Leaving out all pictures, copy the lines below exactly, from the line with "吸汗速乾、UVカットの機能を持たせた3M社の生地を使った帽子になります。" to the last line, both ends included.

[[ GIVEN INFORMATION, beginning ]]

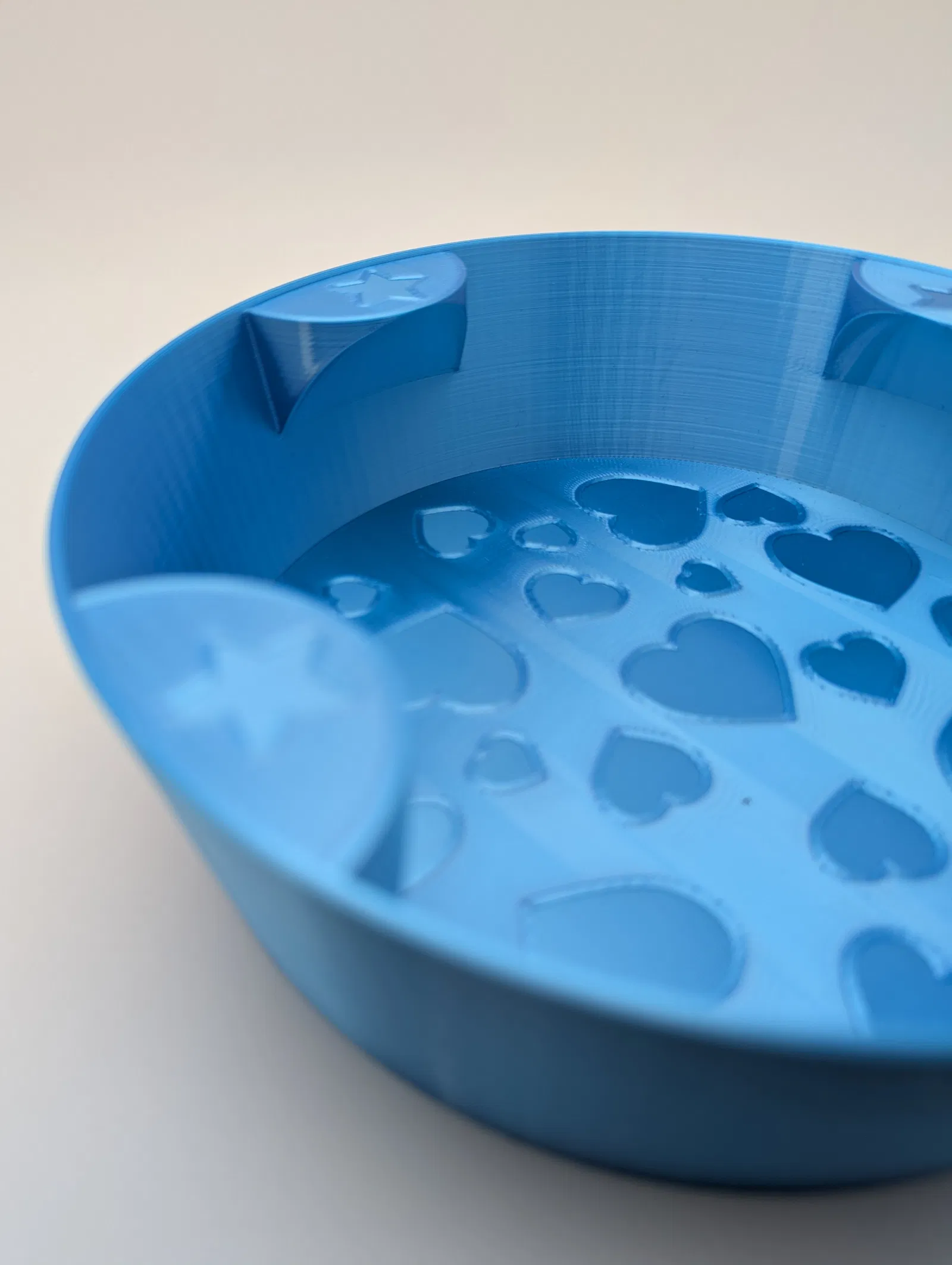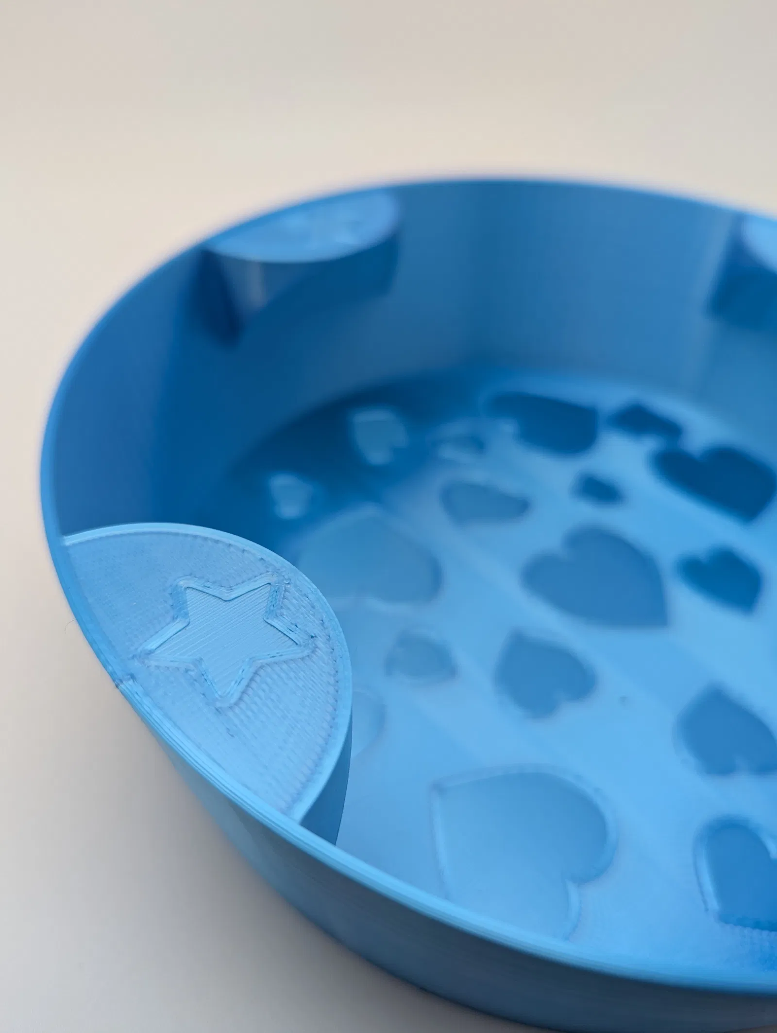 Chiếc hồ bơi mini xinh xắn dành cho búp bê Barbie, thiết kế nổi bật với họa tiết trái tim ở đáy và các ngăn ngôi sao ở thành hồ. Sản phẩm rất dễ in, không cần support, phù hợp cho các bé chơi hoặc chụp ảnh mô hình.
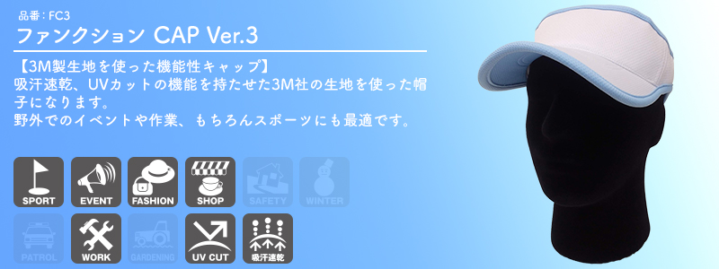 吸汗速乾、UVカットの機能を持たせた3M社の生地を使った帽子になります。
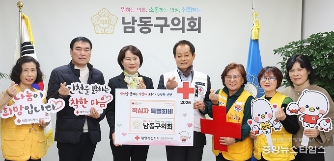 (중앙뉴스타임스 = 방재영 기자) 인천 남동구의회(의장 이정순)는 3일 의장실에서 대한적십자사 인천지사에 적십자 특별회비를 전달하며 따뜻한 나눔의 뜻을 전했다.

[[ GIVEN INFORMATION, end ]]

▸ RESULT:
 吸汗速乾、UVカットの機能を持たせた3M社の生地を使った帽子になります。
 (중앙뉴스타임스 = 방재영 기자) 인천 남동구의회(의장 이정순)는 3일 의장실에서 대한적십자사 인천지사에 적십자 특별회비를 전달하며 따뜻한 나눔의 뜻을 전했다.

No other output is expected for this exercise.